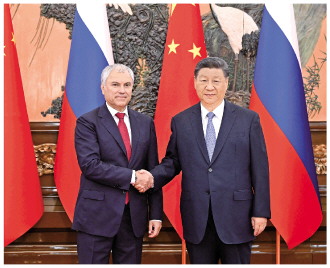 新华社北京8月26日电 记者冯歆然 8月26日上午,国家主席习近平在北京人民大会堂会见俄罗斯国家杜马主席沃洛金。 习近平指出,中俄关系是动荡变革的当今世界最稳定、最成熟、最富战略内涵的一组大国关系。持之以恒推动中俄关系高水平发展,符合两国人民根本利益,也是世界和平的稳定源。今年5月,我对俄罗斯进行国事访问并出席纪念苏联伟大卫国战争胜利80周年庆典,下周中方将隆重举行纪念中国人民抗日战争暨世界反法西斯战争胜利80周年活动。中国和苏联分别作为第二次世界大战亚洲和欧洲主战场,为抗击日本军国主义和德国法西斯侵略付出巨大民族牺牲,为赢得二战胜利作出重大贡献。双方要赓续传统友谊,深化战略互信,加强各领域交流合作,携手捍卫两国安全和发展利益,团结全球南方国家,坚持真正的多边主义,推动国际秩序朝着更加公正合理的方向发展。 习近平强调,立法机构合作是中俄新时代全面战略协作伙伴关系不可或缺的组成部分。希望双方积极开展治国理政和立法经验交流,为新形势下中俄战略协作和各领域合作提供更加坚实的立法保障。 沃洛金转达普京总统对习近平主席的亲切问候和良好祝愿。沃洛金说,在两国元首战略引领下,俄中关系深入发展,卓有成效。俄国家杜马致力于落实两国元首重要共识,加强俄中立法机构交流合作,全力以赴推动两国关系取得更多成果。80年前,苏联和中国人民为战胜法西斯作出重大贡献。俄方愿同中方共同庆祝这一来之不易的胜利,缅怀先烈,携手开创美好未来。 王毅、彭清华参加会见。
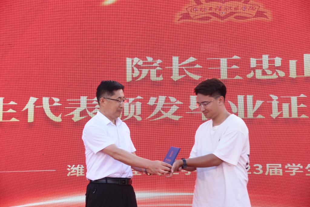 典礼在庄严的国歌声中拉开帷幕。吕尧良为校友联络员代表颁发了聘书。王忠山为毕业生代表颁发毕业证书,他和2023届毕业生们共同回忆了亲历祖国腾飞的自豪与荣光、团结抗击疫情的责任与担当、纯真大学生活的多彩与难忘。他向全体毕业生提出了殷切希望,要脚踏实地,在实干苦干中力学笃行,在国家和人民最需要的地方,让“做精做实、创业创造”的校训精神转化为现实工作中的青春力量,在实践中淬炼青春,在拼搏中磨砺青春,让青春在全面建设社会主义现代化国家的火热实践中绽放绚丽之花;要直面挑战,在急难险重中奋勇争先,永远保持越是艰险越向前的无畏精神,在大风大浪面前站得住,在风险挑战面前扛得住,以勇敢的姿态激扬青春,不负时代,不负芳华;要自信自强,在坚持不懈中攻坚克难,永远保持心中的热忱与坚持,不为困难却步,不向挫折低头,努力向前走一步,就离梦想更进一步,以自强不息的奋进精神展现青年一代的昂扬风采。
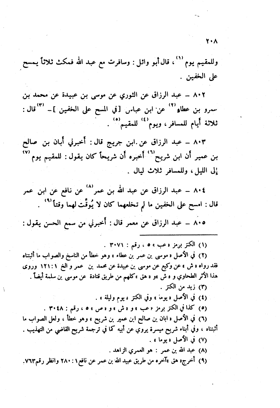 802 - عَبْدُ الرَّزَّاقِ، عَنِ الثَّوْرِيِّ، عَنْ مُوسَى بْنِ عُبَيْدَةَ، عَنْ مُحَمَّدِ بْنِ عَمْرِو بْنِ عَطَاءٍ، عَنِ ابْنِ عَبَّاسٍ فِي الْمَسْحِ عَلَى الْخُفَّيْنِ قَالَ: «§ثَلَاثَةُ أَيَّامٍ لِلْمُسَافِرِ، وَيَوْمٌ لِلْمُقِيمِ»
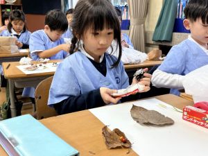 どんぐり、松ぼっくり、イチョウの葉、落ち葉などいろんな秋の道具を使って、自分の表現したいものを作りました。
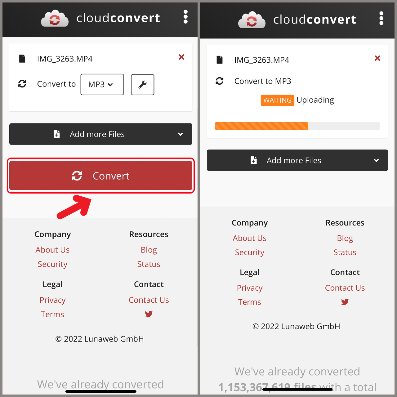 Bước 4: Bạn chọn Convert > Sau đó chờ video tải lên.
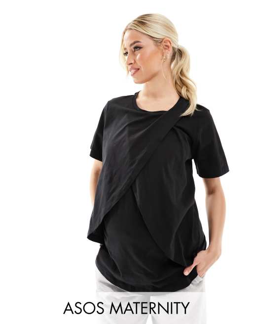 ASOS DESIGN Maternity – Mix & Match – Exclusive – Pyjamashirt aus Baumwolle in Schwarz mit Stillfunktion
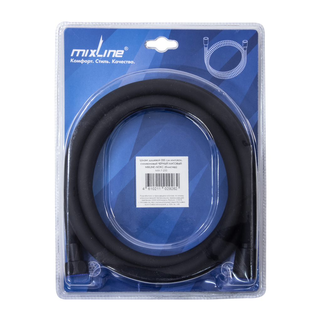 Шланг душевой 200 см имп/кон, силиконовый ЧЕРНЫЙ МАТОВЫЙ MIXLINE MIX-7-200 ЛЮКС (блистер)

= = = =

Keep every word of the material exactly as given. Drop the pictures.

 新华社北京8月26日电 记者冯歆然 8月26日上午,国家主席习近平在北京人民大会堂会见俄罗斯国家杜马主席沃洛金。 习近平指出,中俄关系是动荡变革的当今世界最稳定、最成熟、最富战略内涵的一组大国关系。持之以恒推动中俄关系高水平发展,符合两国人民根本利益,也是世界和平的稳定源。今年5月,我对俄罗斯进行国事访问并出席纪念苏联伟大卫国战争胜利80周年庆典,下周中方将隆重举行纪念中国人民抗日战争暨世界反法西斯战争胜利80周年活动。中国和苏联分别作为第二次世界大战亚洲和欧洲主战场,为抗击日本军国主义和德国法西斯侵略付出巨大民族牺牲,为赢得二战胜利作出重大贡献。双方要赓续传统友谊,深化战略互信,加强各领域交流合作,携手捍卫两国安全和发展利益,团结全球南方国家,坚持真正的多边主义,推动国际秩序朝着更加公正合理的方向发展。 习近平强调,立法机构合作是中俄新时代全面战略协作伙伴关系不可或缺的组成部分。希望双方积极开展治国理政和立法经验交流,为新形势下中俄战略协作和各领域合作提供更加坚实的立法保障。 沃洛金转达普京总统对习近平主席的亲切问候和良好祝愿。沃洛金说,在两国元首战略引领下,俄中关系深入发展,卓有成效。俄国家杜马致力于落实两国元首重要共识,加强俄中立法机构交流合作,全力以赴推动两国关系取得更多成果。80年前,苏联和中国人民为战胜法西斯作出重大贡献。俄方愿同中方共同庆祝这一来之不易的胜利,缅怀先烈,携手开创美好未来。 王毅、彭清华参加会见。
 典礼在庄严的国歌声中拉开帷幕。吕尧良为校友联络员代表颁发了聘书。王忠山为毕业生代表颁发毕业证书,他和2023届毕业生们共同回忆了亲历祖国腾飞的自豪与荣光、团结抗击疫情的责任与担当、纯真大学生活的多彩与难忘。他向全体毕业生提出了殷切希望,要脚踏实地,在实干苦干中力学笃行,在国家和人民最需要的地方,让“做精做实、创业创造”的校训精神转化为现实工作中的青春力量,在实践中淬炼青春,在拼搏中磨砺青春,让青春在全面建设社会主义现代化国家的火热实践中绽放绚丽之花;要直面挑战,在急难险重中奋勇争先,永远保持越是艰险越向前的无畏精神,在大风大浪面前站得住,在风险挑战面前扛得住,以勇敢的姿态激扬青春,不负时代,不负芳华;要自信自强,在坚持不懈中攻坚克难,永远保持心中的热忱与坚持,不为困难却步,不向挫折低头,努力向前走一步,就离梦想更进一步,以自强不息的奋进精神展现青年一代的昂扬风采。
 802 - عَبْدُ الرَّزَّاقِ، عَنِ الثَّوْرِيِّ، عَنْ مُوسَى بْنِ عُبَيْدَةَ، عَنْ مُحَمَّدِ بْنِ عَمْرِو بْنِ عَطَاءٍ، عَنِ ابْنِ عَبَّاسٍ فِي الْمَسْحِ عَلَى الْخُفَّيْنِ قَالَ: «§ثَلَاثَةُ أَيَّامٍ لِلْمُسَافِرِ، وَيَوْمٌ لِلْمُقِيمِ»
 どんぐり、松ぼっくり、イチョウの葉、落ち葉などいろんな秋の道具を使って、自分の表現したいものを作りました。
 Bước 4: Bạn chọn Convert > Sau đó chờ video tải lên.
 ASOS DESIGN Maternity – Mix & Match – Exclusive – Pyjamashirt aus Baumwolle in Schwarz mit Stillfunktion
 Шланг душевой 200 см имп/кон, силиконовый ЧЕРНЫЙ МАТОВЫЙ MIXLINE MIX-7-200 ЛЮКС (блистер)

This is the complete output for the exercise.